Один известный человек самоустранился более шумно. Полковник Алджернон Сидни – умный и заносчивый младший сын графа Лестера, храбро сражавшийся на войне и раненный в сражении при Марстон-Муре. Его отец был последовательным противником короля, но не считал, что его сыну подобает заседать в суде с целью вынесения приговора королю. Тем не менее Сидни присутствовал на предварительных заседаниях, но лишь для того, чтобы высмеивать претензии на судейство всего собрания; он сказал, что короля не может судить никакой суд, а этот суд вообще никого не может судить. Кромвель резко ответил: «Мы отрубим ему голову прямо в короне». Сидни больше ничего не сказал, он уехал в дом своего отца в Пенсхерсте, где и находился до тех пор, пока все не закончилось.

Другие случаи молчаливого отступничества не были неожиданными. Большинство юристов, назначенных членами суда, последовали примеру своих более известных коллег и остались в стороне. Лишь несколько жестких противников короля смогли примирить суд над ним с духом, если не буквой английского закона. Монарх, который намеренно пытался подорвать законы страны (а они верили, что он это сделал), представлял собой общественную опасность, и они могли поэтому возбудить против него естественный закон самосохранения и призвать его к суду, хотя им самим пришлось изобретать механизм, как это сделать.

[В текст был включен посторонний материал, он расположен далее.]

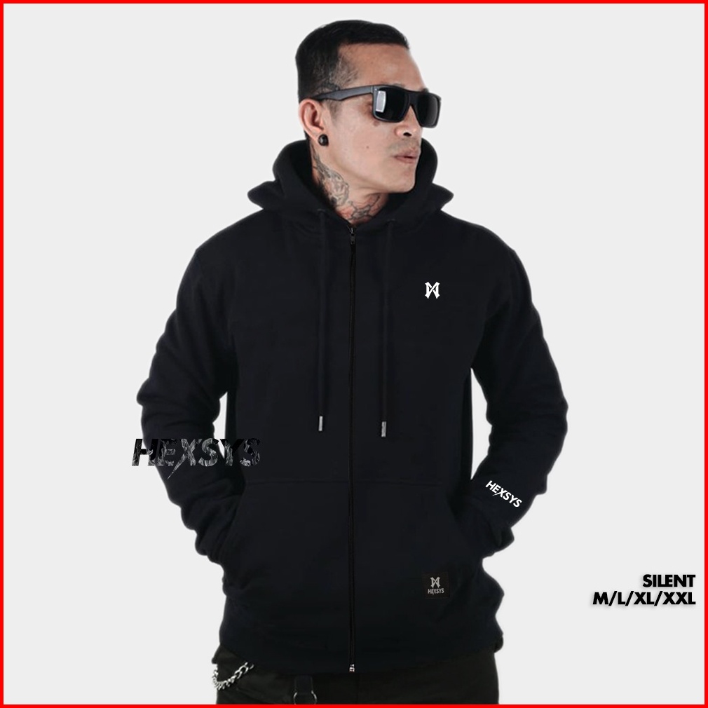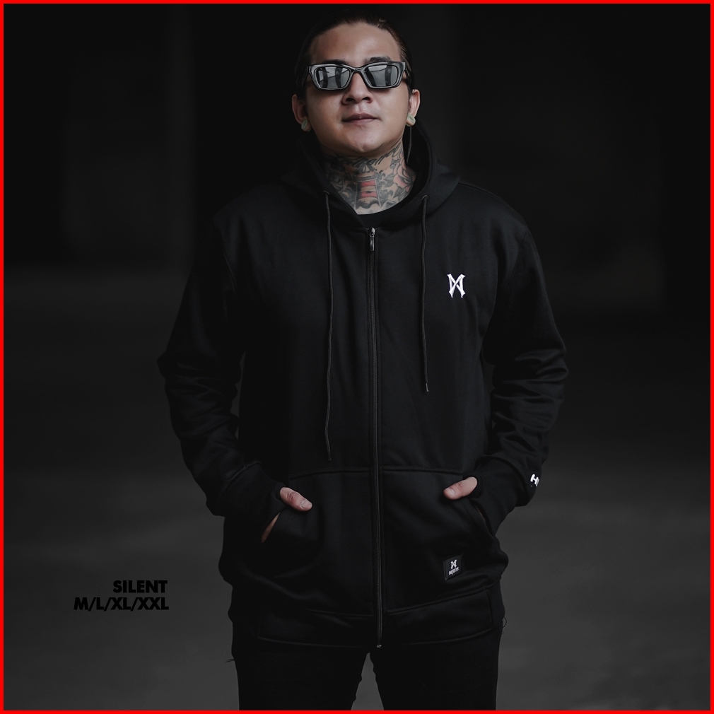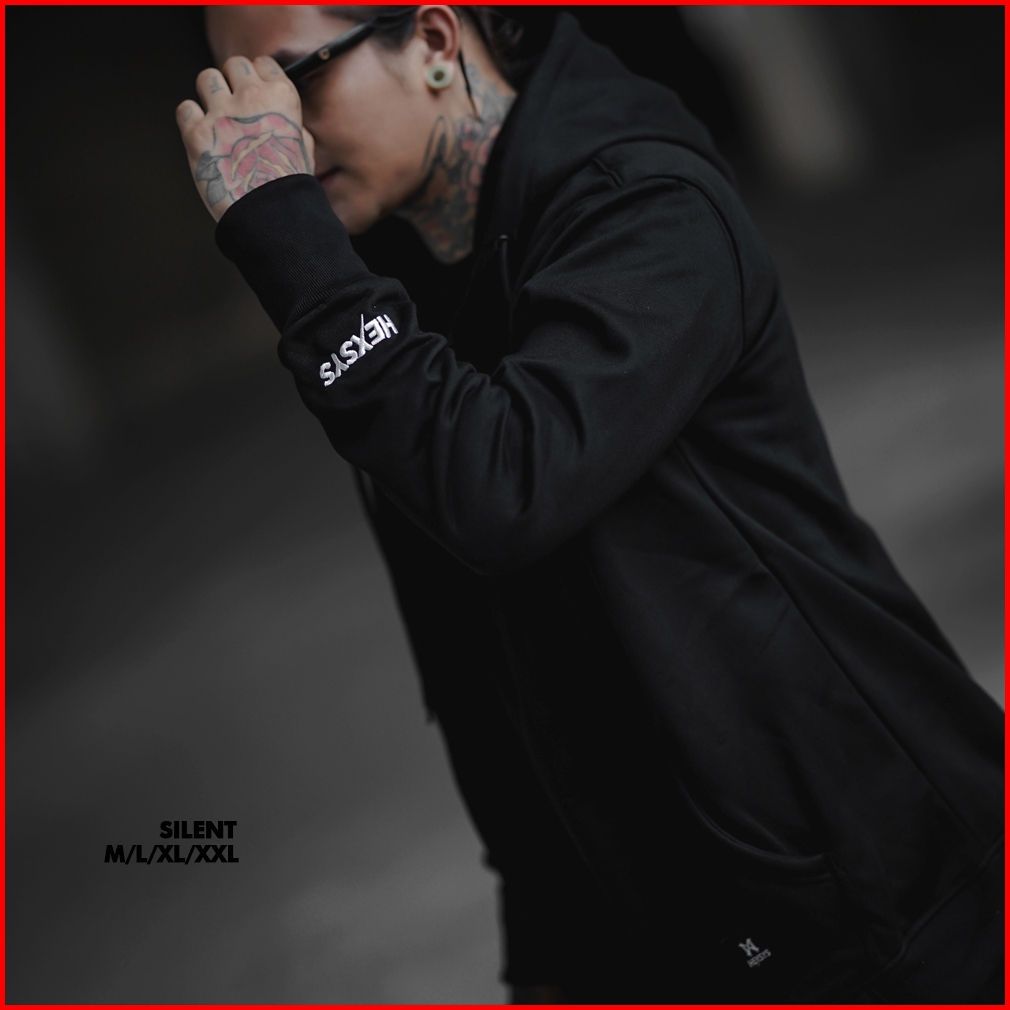 Bossque X Hexsys- Silent Hoodie Pria Distro Zipper Bordir Sweater Hoodie Pria Original Roundhand

Из тех, кто присутствовал на суде, не все были полностью убеждены в правильности происходящего. Если роялисты и ошибались, издеваясь над низким происхождением судей, то иногда были ближе к истине, называя их мерзавцами и мошенниками. Мотивы и характеры значительного числа тех, кто был в списке судей, не выдерживали тщательной проверки. Влиятельные землевладельцы, которые поддерживали парламент и присоединились к индепендентам, как им диктовали их интересы, зачастую были людьми буйных амбиций или с глубоко укоренившимися обидами. Сэр Эдвард Байнтун, магнат из Уилтшира, в бурные годы своей жизни имел неприятности из-за дуэлей, нарушения супружеской верности и растраты. Сэр Томас Молеверер и сэр Джон Буршье, оба йоркширские землевладельцы, были парочкой беспринципных, желчных оппозиционеров. Другим йоркширцем, Томасом Челонером, как считалось, руководила злоба, потому что король отозвал исключительные права, которые тот одно время имел на приносящую выгоду фабрику квасцов. Сэр Майкл Ливси, шериф Кента, был амбициозным, безответственным и имел репутацию труса. Никто ни с какой стороны не мог многого сказать и в пользу сэра Джона Дэнверса, имевшего карьеру придворного при короле Якове и короле Карле, или в пользу Генри Майлдмея, изменника-смотрителя королевской сокровищницы, и других – Корнелиуса Холланда, Хамфри Эдвардса и Грегори Нортона, которые служили короне, на которых с сомнением смотрели коллеги и на голову которых сыпали проклятия роялисты.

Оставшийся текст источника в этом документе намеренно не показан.